For every line below, restate it exactly and drop the images.

#### Provided material
"""

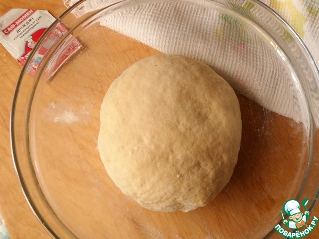 Сформированное изделие ставим в теплое место минут на 30. Вот как оно у меня увеличилось. Смазываем взбитым яйцом ( я использовала только желток). Ставим выпекаться в духовку при температуре 200 град. до готовности. Время выпечки зависит от вашей духовки.
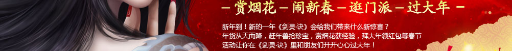 活动介绍:2012龙年到,《剑灵•诀》恭祝所有热心玩家龙年吉祥!在新的一年里,希望每一位《剑灵•诀》的玩家都可以锦鲤化龙,新年龙腾虎跃,更有新收获!除去浓浓的祝福,我们还为您送上海量礼品!龙形随从、雪豹坐骑、极品法宝装备等游戏内奖励让你高人一筹独霸天下...
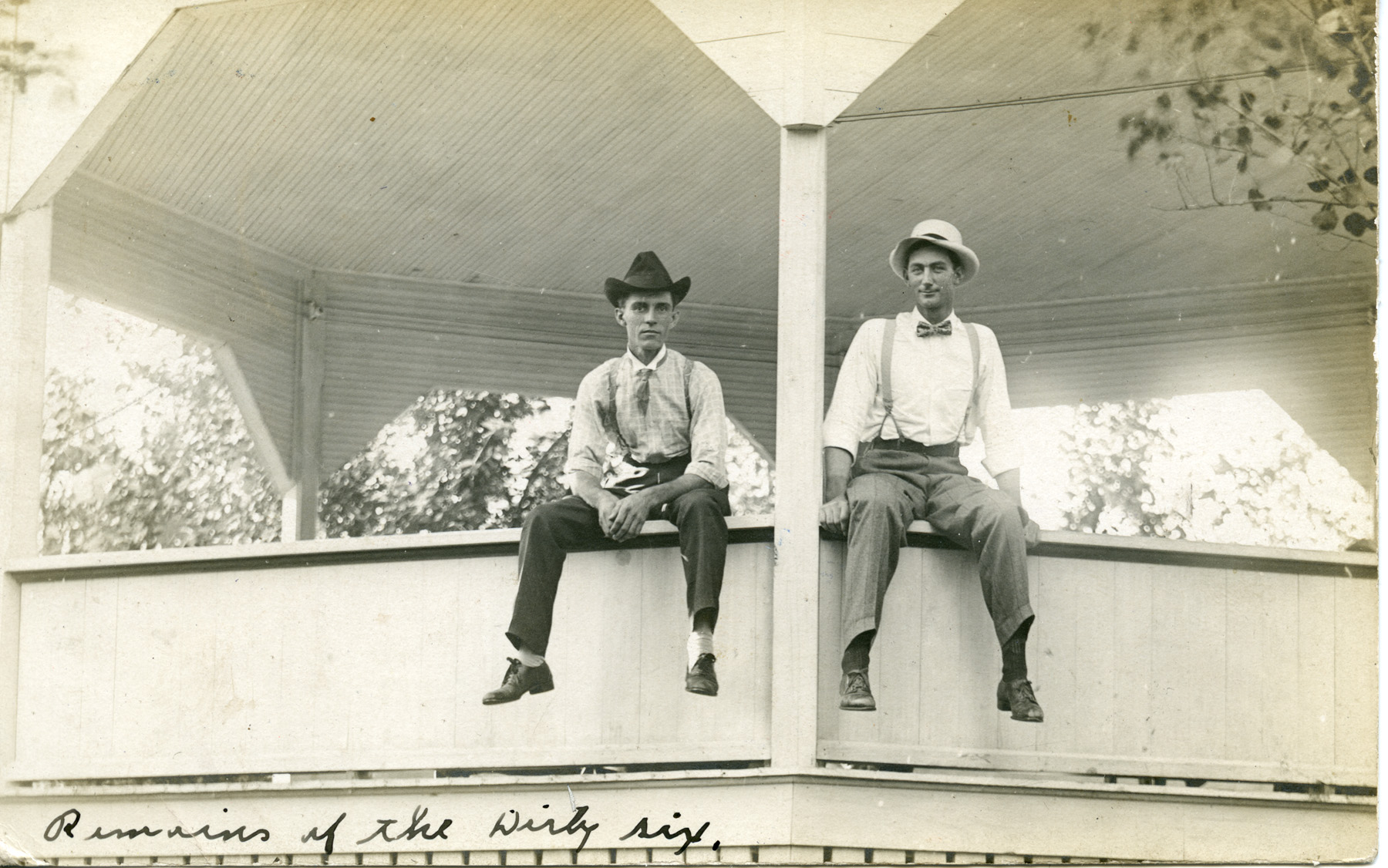 This real photo postcard, circa 1910 shows two men sitting on the railing of the bandstand, located in the City Park of Eskridge, Kansas. Handwritten at the bottom of the photo is “remains of the dirty six.”

"""

#### Task output
 Сформированное изделие ставим в теплое место минут на 30. Вот как оно у меня увеличилось. Смазываем взбитым яйцом ( я использовала только желток). Ставим выпекаться в духовку при температуре 200 град. до готовности. Время выпечки зависит от вашей духовки.
 活动介绍:2012龙年到,《剑灵•诀》恭祝所有热心玩家龙年吉祥!在新的一年里,希望每一位《剑灵•诀》的玩家都可以锦鲤化龙,新年龙腾虎跃,更有新收获!除去浓浓的祝福,我们还为您送上海量礼品!龙形随从、雪豹坐骑、极品法宝装备等游戏内奖励让你高人一筹独霸天下...
 This real photo postcard, circa 1910 shows two men sitting on the railing of the bandstand, located in the City Park of Eskridge, Kansas. Handwritten at the bottom of the photo is “remains of the dirty six.”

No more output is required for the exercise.